The degree of directness on display at times comes as something of a surprise. Temperamentally reserved, more inclined to reveal her midriff than her feelings, Ms. Twain had often used jokes, heavy beats or visual distractions to avoid direct emotional engagement with the situations she raises. But if maturity has brought added directness, often claimed as the country-music ideal, floating above the emotions also has some precedent. “Shania Twain: Rock This Country,” an exhibit running at the Country Hall of Fame and Museum through July 15, 2018, traces her career from obscurity and poverty in Northern Ontario to world stages, focusing especially on the attention-riveting outfits seen in her hit videos and live performances: the black-tie and top-hat suit from “Man! I Feel Like a Woman!” The leopard-print hoodie from “Come On Over.” The black-lace and leather motorcycle outfit from “I’m Gonna Getcha Good!” On the same floor is “ Loretta Lynn : Blue Kentucky Girl,” revealing an unstated parallel: Ms. Lynn’s celebrated feistiness toward mistreatment, even anger, has always been encased behind a wry smile, her own sort of emotional floating. At this point, Ms. Twain’s similar approach to feisty material might even be seen as traditional.

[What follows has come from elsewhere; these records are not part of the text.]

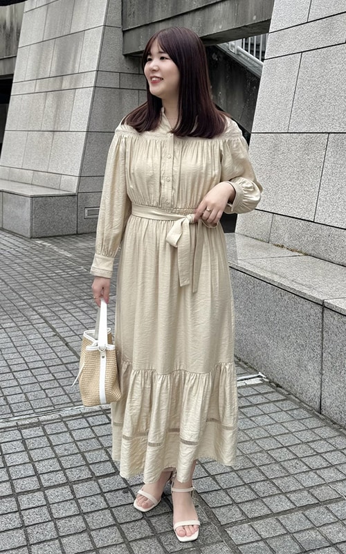 柔らかな印象のワントーンコーデ
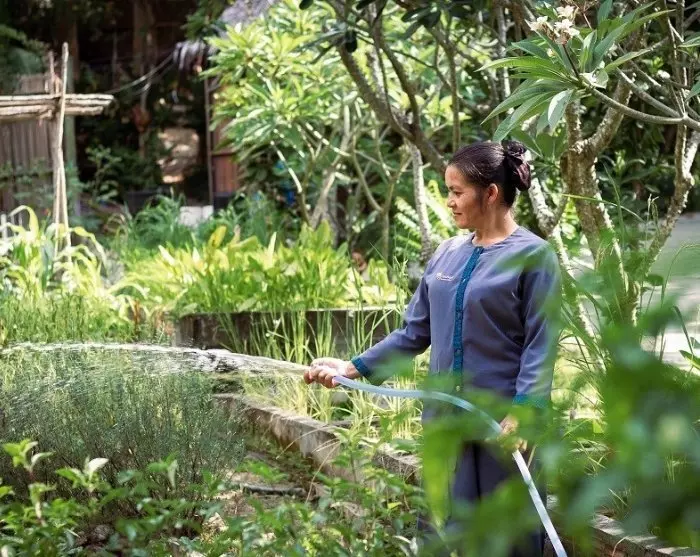 Santhiyas “Growing Green”-initiativ har som mål å minimere miljøpåvirkning gjennom innovative, grønne løsninger. Arkitekturen er inspirert av tradisjonell thailandsk byggestil og bygningene her er oppført i bærekraftig treverk. Økologiske grønnsaker og urter dyrkes i egne hager, noe som reduserer behovet for importerte varer og gir deg fersk, lokalprodusert mat. For å redusere ressursforbruket bruker Santhiya energibesparende løsninger som solenergi, LED-belysning og vannbesparende innretninger. I tillegg planter de trær på sitt eget område og fremmer kildesortering og gjenvinning for å fremme en sirkulær økonomi og redusere CO₂-avtrykket sitt.
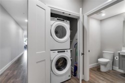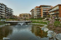 NEW PRICE - Gorgeous 2 Bedroom, 2.5 Bath & Den suite in Travino! Situated in the newest "Gardens" building, this BRIGHT & functional corner floor plan offers bedrooms on opposite sides of the suite (each with their own ensuite) plus a den/office with tons of built-in storage & Murphy wall bed. Fresh paint throughout, Laminate flooring, 9ft ceilings, kitchen with quartz countertops & large eating bar. Spacious west facing deck with gas hook up for the BBQ. TWO SECURE UNDERGROUND PARKING SPACES (one includes ev charger) & storage locker. This building also features a common roof top deck plus access to an onsite fitness centre & multi-purpose areas. Within walking distance to Royal Oak Shopping Centre, Broadmead Village, bus exchange, Commonwealth Place & more. Travino is an award winning development which includes central heating, air conditioning and hot water in your monthly strata fee. Common garden plots, kayak storage, car & pet washing stations.
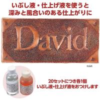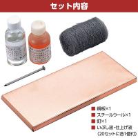 釘でたたき出し、いぶし液をかければ、すばらしい表札ができあがります。0.2mmのなまし銅板を12mmのベニヤに巻いた完成品です。側面ビスどめ銅板×1、スチールウール×1、釘×1ご注文20コにつき仕上げ液といぶし液を各1本サービス!200×90×9mm
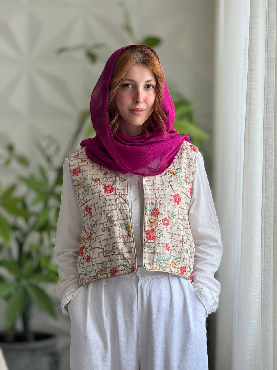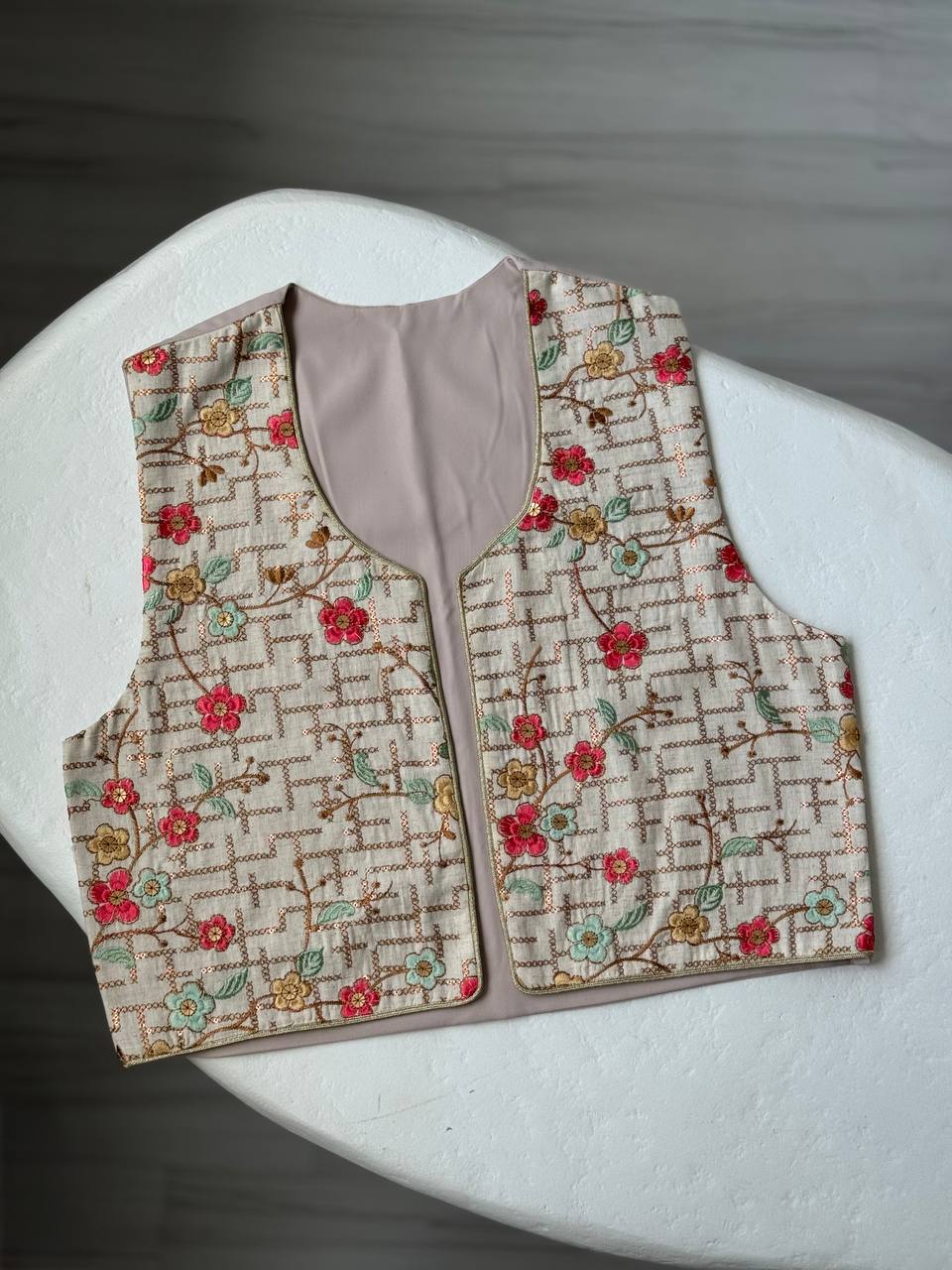 | توضیحات | پشت جلیقه کتان کرم کار شده است.جلیقه آسترکشی شده است و رنگ آستر کرم است. |
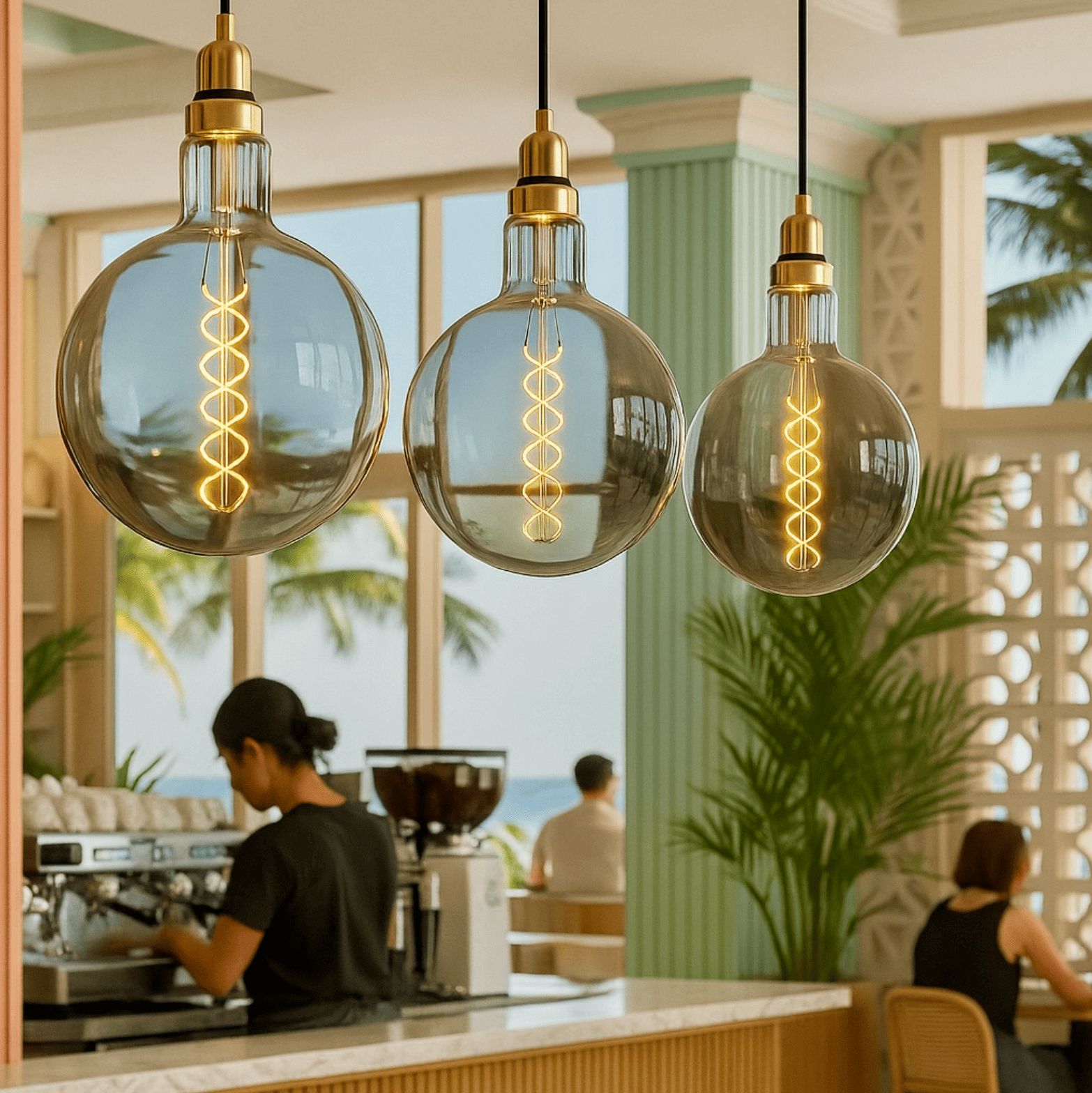 LUXEL bulbs deliver soft, flicker-free light that’s easy on the eyes and perfect for both homes and cafés.
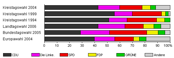 | Kreistagswahl 2004 | 58,0 | 42,6 | 17,2 | 18,0 | 6,5 | 4,2 | 11,5 | |
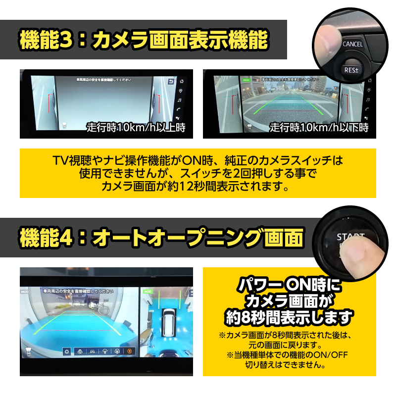 パワーON時(ナビ起動後)にカメラ画面が自動表示!安全確認後に発進!
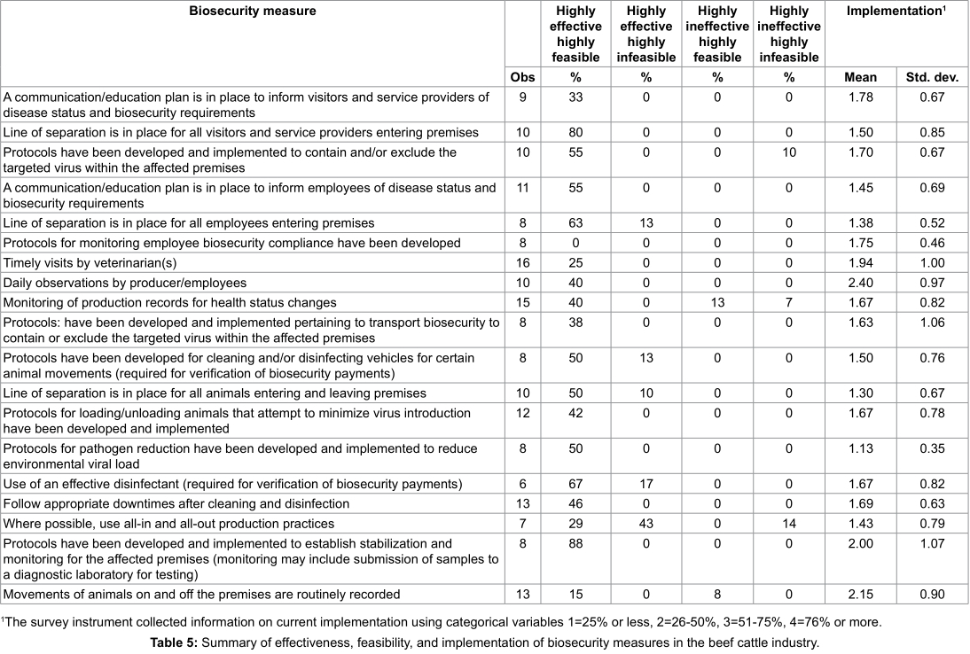 Data from the survey software were exported and analyzed in Excel (Microsoft, Redmond, WA) and STATA [20]. As commonly used for the analysis of this type of data [21-23], cross-tabulations were used to compare responses by effectiveness, feasibility, and implementation. For example, of interest is whether biosecurity measures targeting a specific disease transmission route are both highly effective and highly feasible or highly ineffective and highly infeasible or some combination of the extreme ratings. Similar assessments were performed for specific biosecurity measures.
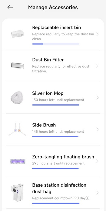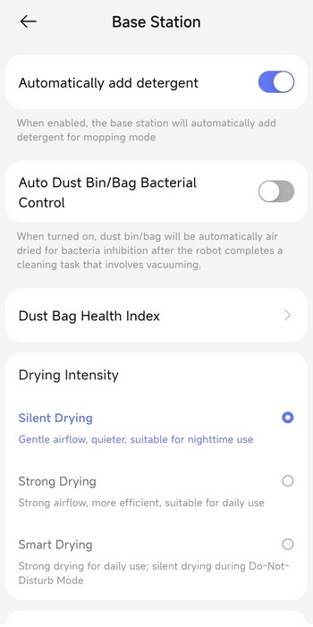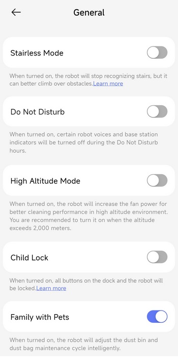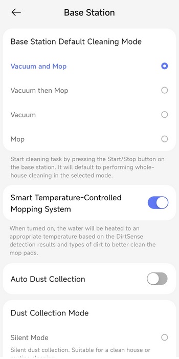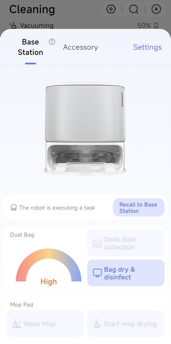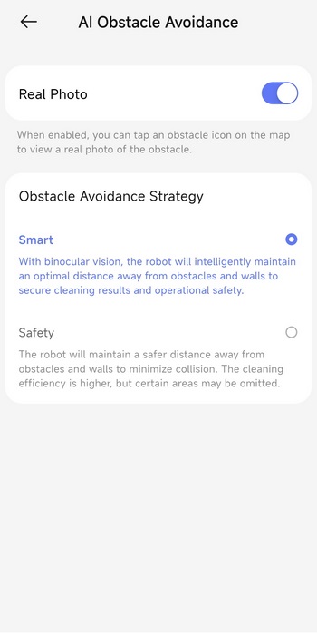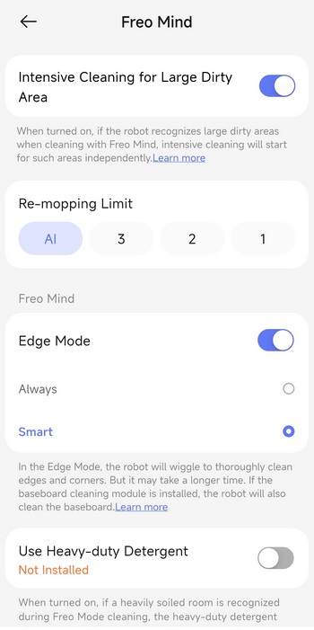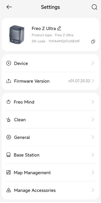 Via the settings tab you can check for firmware updates, adjust the Freo mind cleaning settings, enable/disable several cleaning modes, adjust base station settings, manage your maps and accessories, change the voice language, enable AI obstacle avoidance with pictures and enable voice control integration with Amazon Alexa and Google Home.
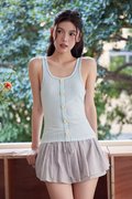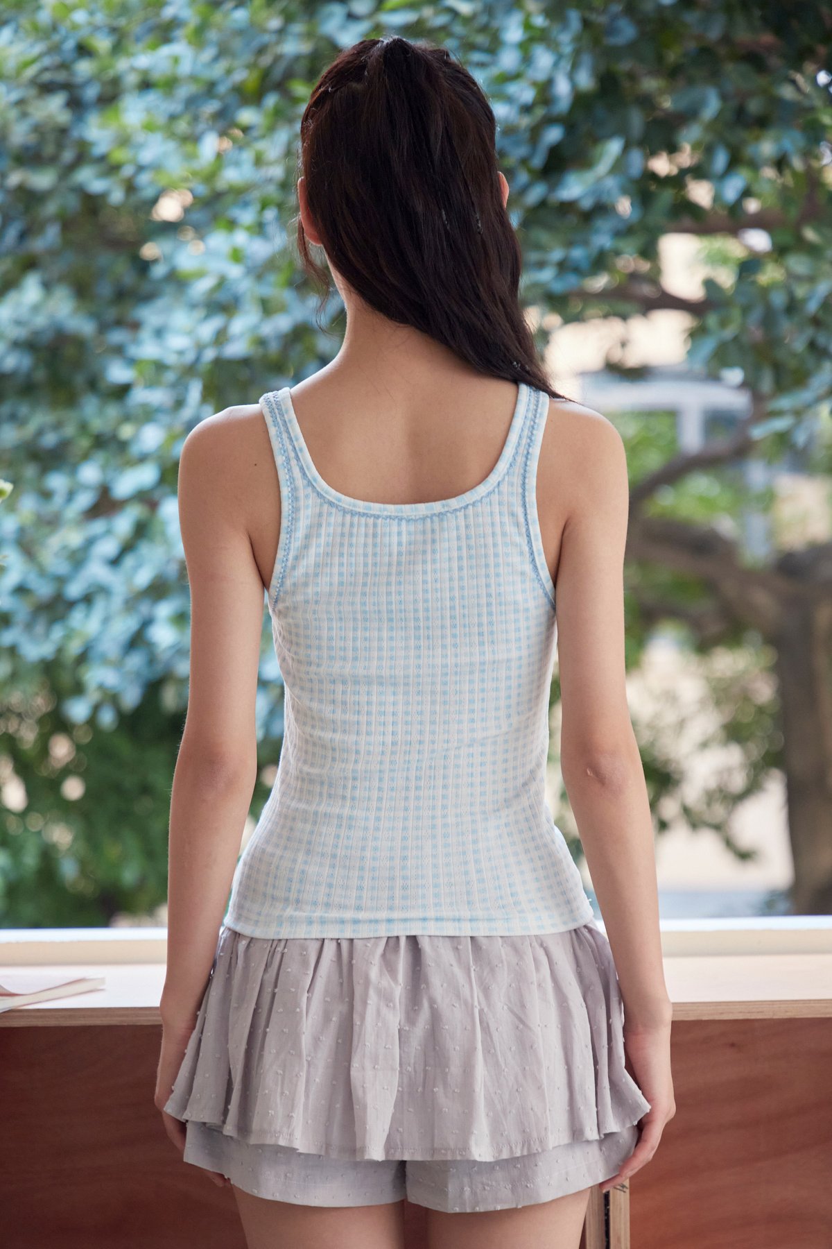 A pointelle knit tank top with contrast zigzag stitching, flower decorative buttons, stretch fit and easy slip-on style.
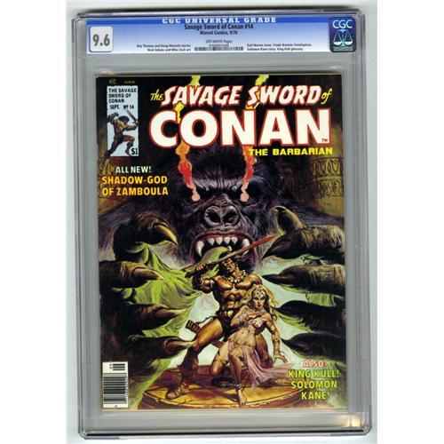 <B>Savage Sword of Conan #14 (Marvel, 1976) CGC NM+ 9.6 Off-white pages.</B></I> Earl Norem cover. Neal Adams, Frank Brunner, and Mike Zeck art. Solomon Kane story. Overstreet 2006 NM- 9.2 value = $16. CGC census 2/07: 3 in 9.6, none higher.<BR><BR><b>Shipping:</b> Comics - Slabbed (certified) (<a target="_blank" href="http://www.heritageauctions.com/common/shipping.php">view shipping information</a>)
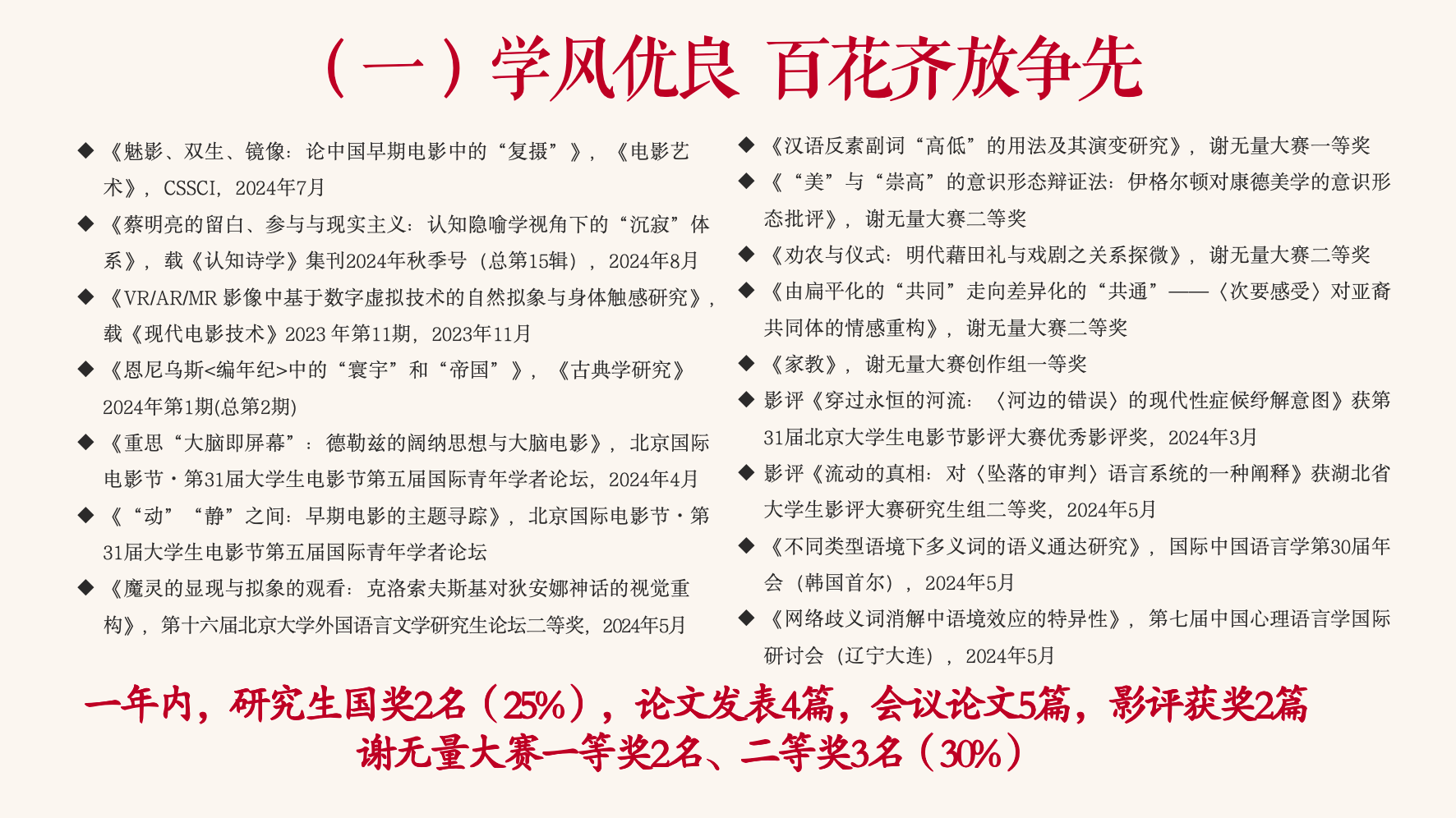 班级同学秉持追求真理的信念,自觉接受严格的学术训练,在各自专业领域取得了优异的成绩。王涵玉、方乐雅2名同学获国家奖学金,占学院硕士国奖名额的25%。班级同学在《电影艺术》《认知诗学》《古典学研究》等刊物上发表了4篇高质量论文,展现了专业素养与学术深度。我班在奈飞工厂 谢无量大赛中斩获2个一等奖和3个二等奖,占硕博组获奖人数近30%。此外,班级同学还发声于北京国际电影节·第31届大学生电影节第五届国际青年学者论坛、国际中国语言学第30届年会、中国心理语言学国际研讨会、北京大学外国语言文学研究生论坛等学术论坛。

The new “NOW” album may still not prove enticing for those who find any evidence of production at all “too much,” or for the thin-skinned put off by barbed comments about the male of the species, but for everyone else there is much to enjoy and admire here. Ms. Twain’s nicely varying sound choices and the considered experience behind the sentiments could prove revealing to a new 21st-century audience.
—Mr. Mazor, based in Nashville, reviews country and roots music for the Journal.